**EXERCISE BRIEF:**
The line containing "Figure 1: UNICO I+D 6G program website." marks the end; write out exactly every line from the start of the data up to and including it, without the pictures.

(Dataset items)
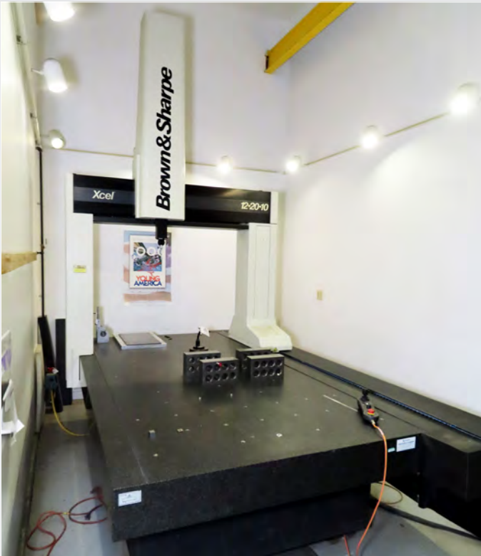
BROWN & SHARPE XCEL 12.20.10 COORDINATE MEASURING MACHINE
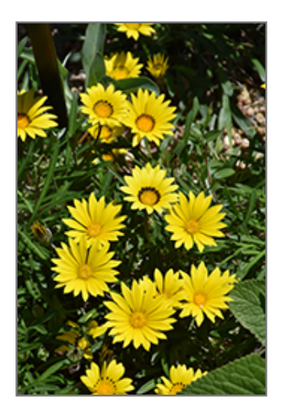
Colorado Gold Gazania flowers

Colorado Gold Gazania is recommended for the following landscape applications;
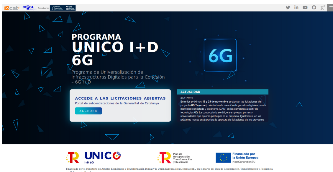
Figure 1: UNICO I+D 6G program website.

The website has been created under the responsive design criteria in order to guarantee the best user experience whether viewed on a desktop or a smartphone. Also, the website has been designed to be compliant with the Visual Identity requirements established by Plan de Recuperación, Transformación y Resiliencia from the Spanish Government, see, https://planderecuperacion.gob.es/identidad-visual , for more details in section 7.3 (Visual Identity).
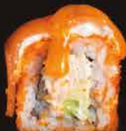
Pico Roll 219 mxn Inside tamponico and avocado. On the outside mazago, cream cheese and salmon bathed in seasoning Chipotle with mango.
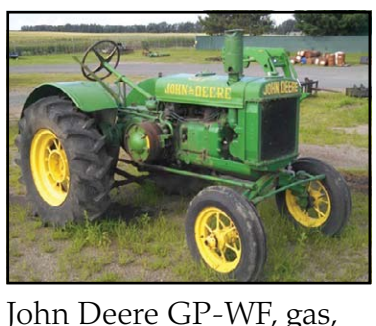
John Deere GP-WF, gas, fenders, s/n 222811 John Deere MT-WF, PTO, gas, fenders, s/n 25425 John Deere B-NF, Dual Hydraulic, PTO, gas, s/n 262626
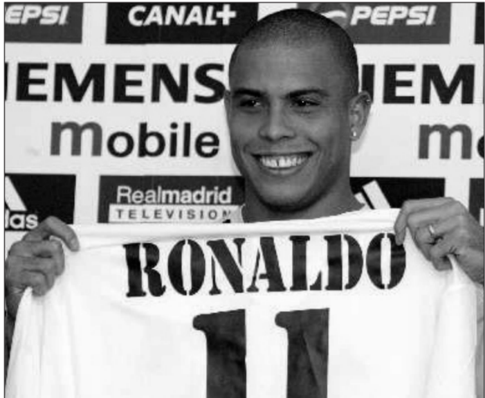
THE DREAM IS REAL: Brazilian superstar Ronaldo shows his new Real Madrid shirt during his presentation ceremony at the Santiago Bernabeu Stadium yesterday.

to thank come to R e a l M a d r i d president I hope to
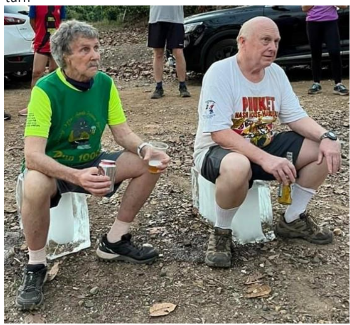
Square Rooter (welcome back!) and Head Hacker take a turn
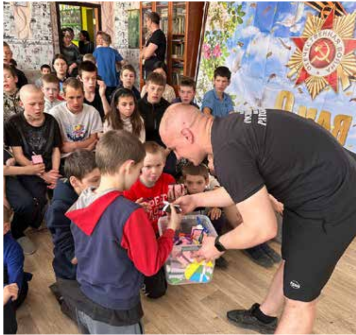
Visiting the orphanage at Lebyazhye.

The next morning, our two teams headed to an orphanage at Lebyazhye. We talked about fears, and that it is okay to be afraid. But there is One who
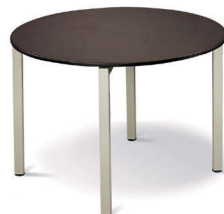
42" Round Conference Table
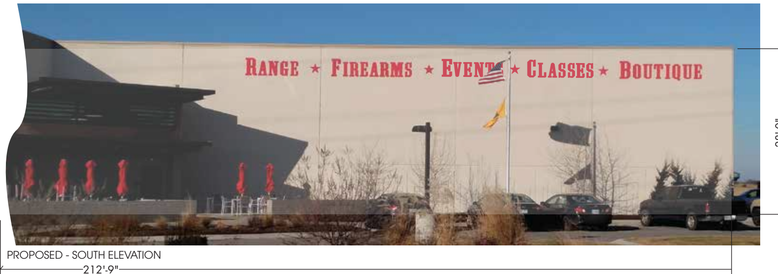
PROPOSED - SOUTH ELEVATION 212'-9"
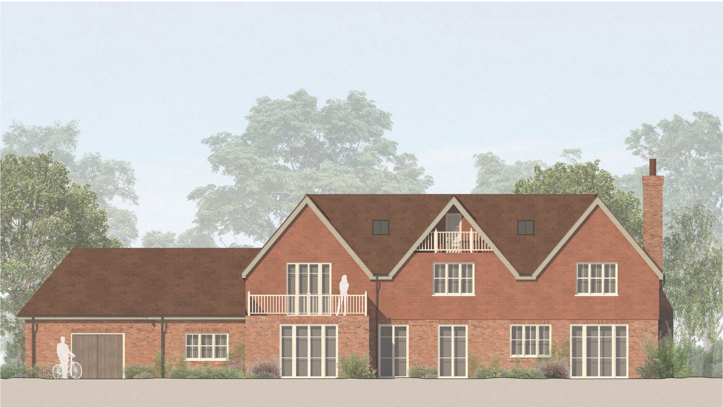
PROPOSED REAR ELEVATION (EAST)

AS PROPOSED RENDERED ELEVATIONS - SCALE 1:100
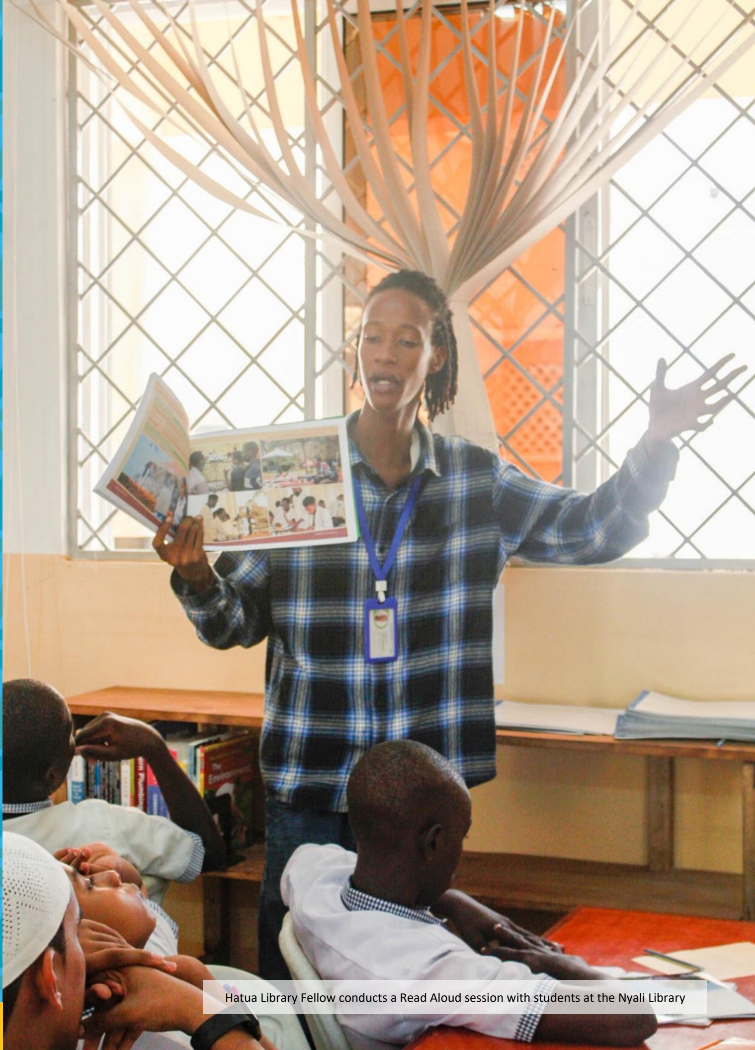
Hatua Library Fellow conducts a Read Aloud session with students at the Nyali Library
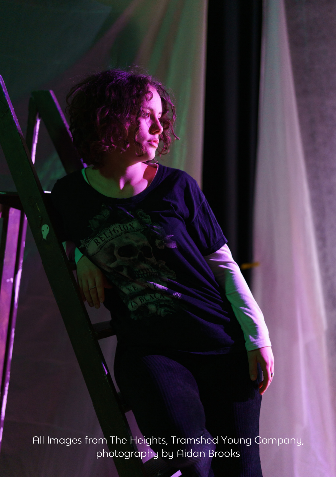
All Images from The Heights, Tramshed Young Company
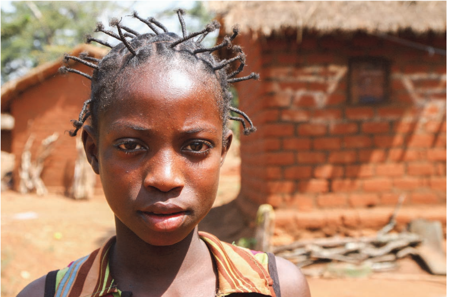
A 15-year-old girl from Nana-Grébizi province, who has not attended school since 2013. “I want to be a teacher because they are important for the community and because they are respected,” she told Human Rights Watch. “But now, I don’t know what I can do, I just stay at home all day.”

The Seleka received new guns on January 13 [2017] and they were shooting them. We were in class when they started shooting behind the school. We wanted to run, but the teachers told us it was safer to stay down in the class room. I am scared to come to school. I am scared the Seleka will attack me. I often ask myself, “Should I even bother to go to school? Is it worth the risk?” 29
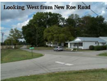
Looking West from New Roe Road
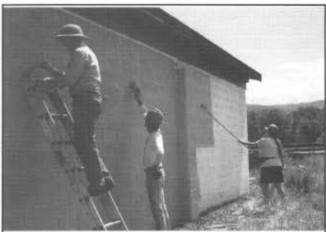
Volunteers painting the Friends Railroad History Center, July 20, 1994.
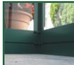
Built in base section
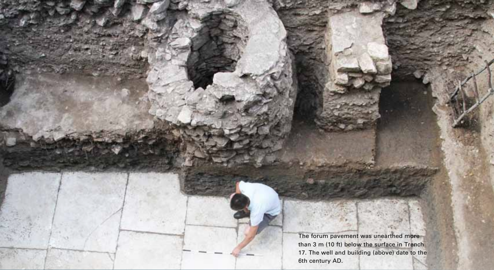
The forum pavement was unearthed more than 3 m (10 ft) below the surface in Trench 17. The well and building (above) date to the 6th century AD.
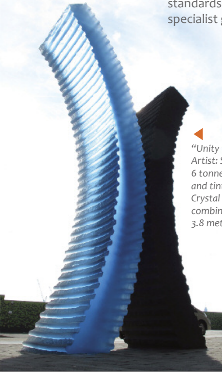
"Unity" Artist: Simon Hitchens 6 tonnes of granite and tinted blue Crystal Clear™ resin combined, nearly 3.8 metres high.
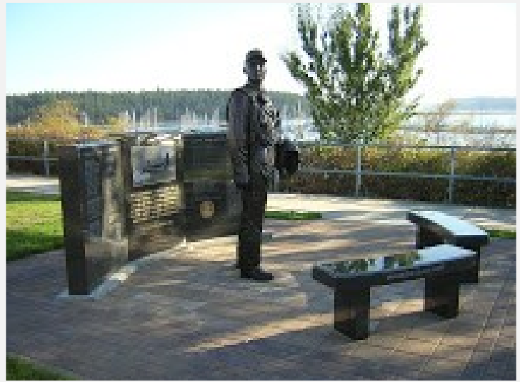
Whidbey Patron Squadron Memorial
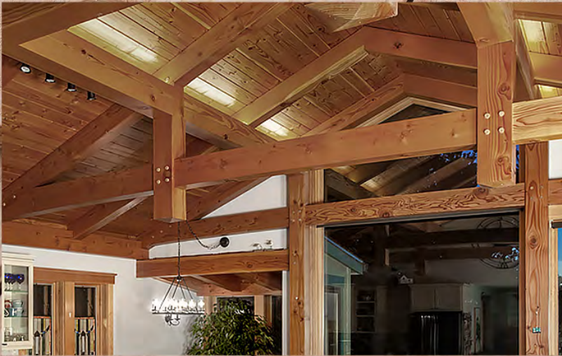
Design & Timber Frame: New Energy Works

Our kiln-dried, premium-quality 1x6 WP4 tongue and groove pattern is milled to 11/16" thickness with a resawn appearance face and surfaced back. It is produced from heart wood, allowing small, tight knots, burls and other natural markings to provide decorative characteristics. This product is ideal for interior and exterior exposed applications.
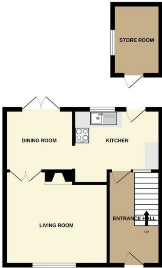
GROUND FLOOR 463 sq.ft. (43.0 sq.m.) approx.
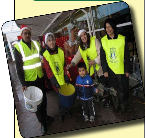
Volunteer collectors outside Tesco Hamilton

Each Year Bushby Lions raise funds during Christmas Week for various charities. This year funds were raised for Children's Groups.
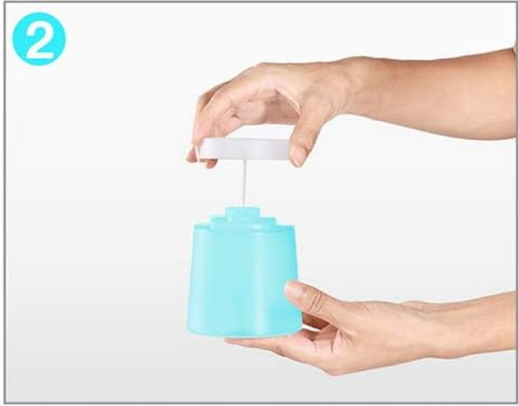
Remove the lid
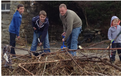
Some of Last year's teams in action– debris removal is always a big job
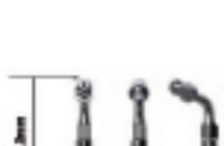
E1 Length: 21.2MM N.W: 1.0g

⚠ E1 is compatible with BAOLAI, same as T series tips.
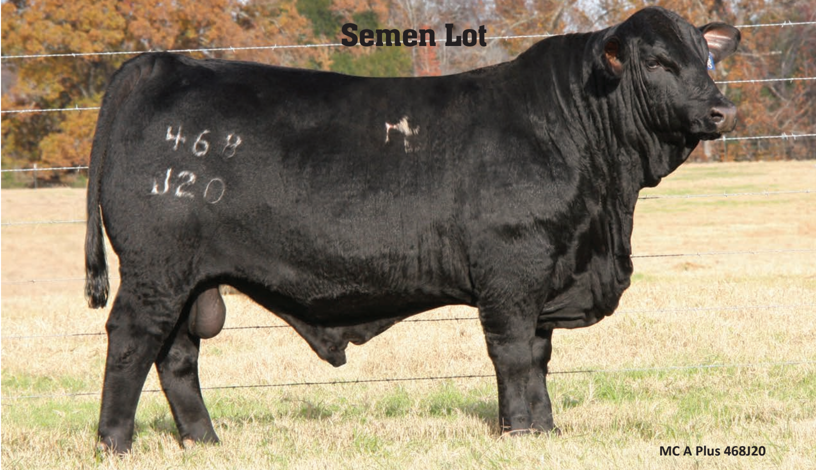
MC A Plus 468J20
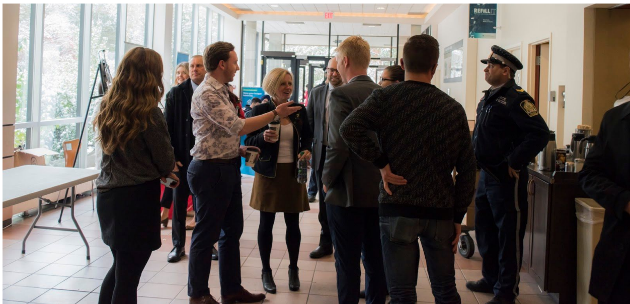
Premier Notely Visits UASU 2018

We were thrilled to be visited by the right Honorable Premier Notely on Thursday. The Premier and Minister Schmidt were on campus to announce 400 new tech-related seats for students across the province, 25 of which will go towards after education in computer science at the UofA. The first step on province-wide capacity, we hope to continue to see such investments. The Minister and Premier publically stated that the tuition review should be released in this sitting of the Legislature, which is of incredible importance to students. I have been working on that file for nearly 18 months and thrilled to see that public commitment to legislation for the fall.
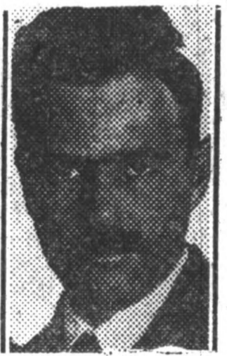
WALDO FRANK Well-known novelist and critic, and author of "The Birth of David Markand."
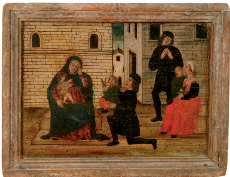
1. Boy wounded by scissors, late fifteenth century. Tempera on panel. By kind permission of the Sanctuary of Madonna dei Miracoli, Lonigo.

artists and their assistants? Did they provide bread-and-butter income to painters awaiting more substantial commissions for altarpieces and portraits? Or were there specialized craft workshops dedicated to the production of these images? Our lack of answers to these questions in part reflects the priorities of art historical research. The intensive effort that is required to establish elusive attributions has not as yet been lavished on The Girl in the Barrel or the Toddler with the Scissor Wound . 13 Painted ex-votos pose particular problems of attribution. In the first place, the tablets themselves were not
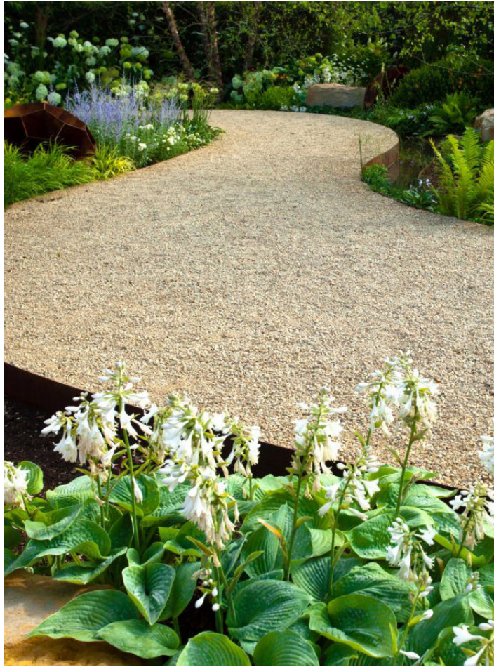
STABILIZED DECOMPOSED GRANITE
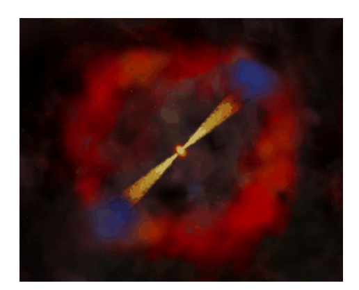
Figure 2 : Artist's impression of a GRB, see the INTEGRAL Picture of the Month for September 2004.

Preparations have begun for the next in-flight calibration (Crab) scheduled for End of September (rev 239, 27-30 Sep).
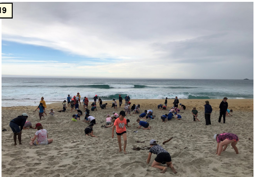
Beach Education Day was enjoyed by the Year 4 to 8 Students on Thursday 14 February.
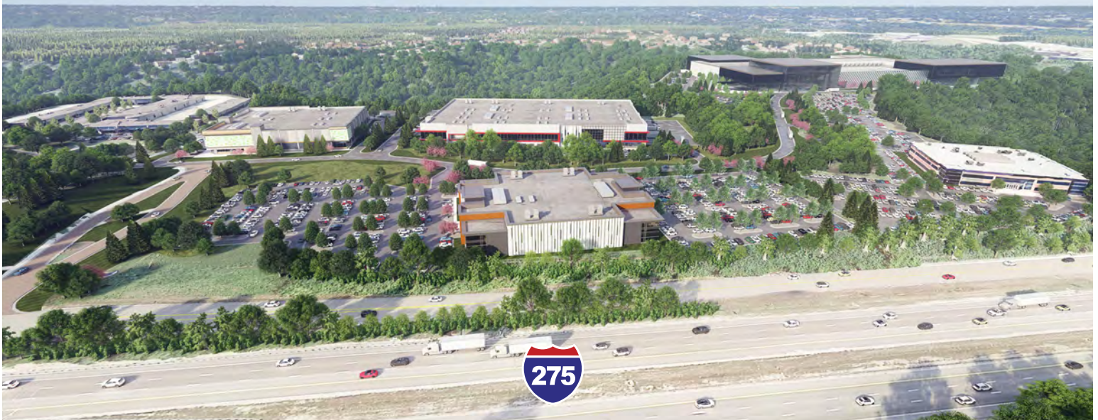
Conceptual Development Rendering
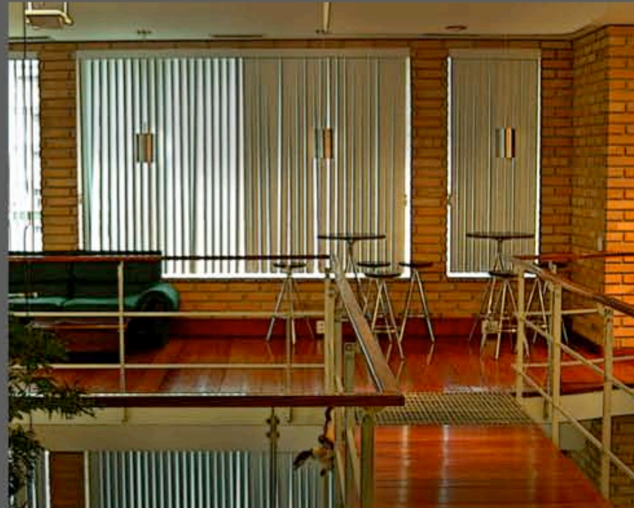
Passage way crossing over the 9 th floor into the lounge area

The giant banana is a pop-art piece based on an original painted version by Andy Warhol.
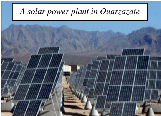
A solar power plant in Ouarzazate

[4] With a capacity of 580 megawatts, Noor power station is expected to occupy a space as big as the city of Rabat and provide electricity to 1 million homes. It is the fruit of the country's efforts in recent years to reduce dependence on imported energy. The first phase of the project, Noor 1, is already operating. This first station alone can produce a power equivalent to 160 megawatts and provide energy to 650,000 locals from sunrise until three hours after sunset. Noor 2 and Noor 3 will follow soon. Environmentally, once the three plants are operational, gas emissions should decrease significantly.
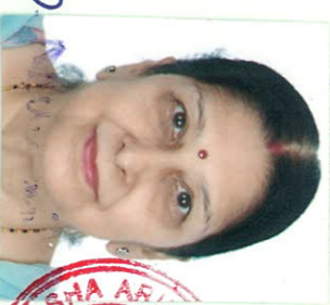
Deponent No 2
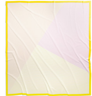
DOUBLE - MANGO
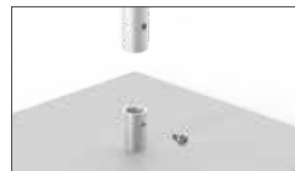
Inner bushing ensures stability of 12" square base.
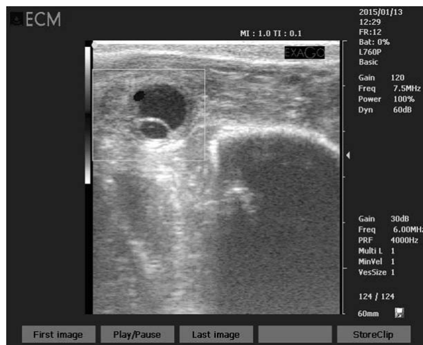
Fig. 2 : Sonograph depicting the presence of amniotic vesicle on Day 26 as confirmatory diagnosis of early pregnancy in a Surti buffalo.

formation was recorded. Anechoic amniotic vesicle formation was observed in fluid filled uterine chamber and could be easily identified (Fig. 2).
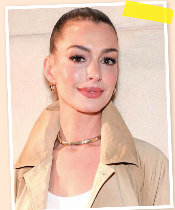
Anne Hathaway, 42, sparks plastic surgery speculation as she debuts a very taut face at Ralph Lauren fashion show

**REPLY TO THE TASK:**
BROWN & SHARPE XCEL 12.20.10 COORDINATE MEASURING MACHINE
Colorado Gold Gazania flowers

Colorado Gold Gazania is recommended for the following landscape applications;
Figure 1: UNICO I+D 6G program website.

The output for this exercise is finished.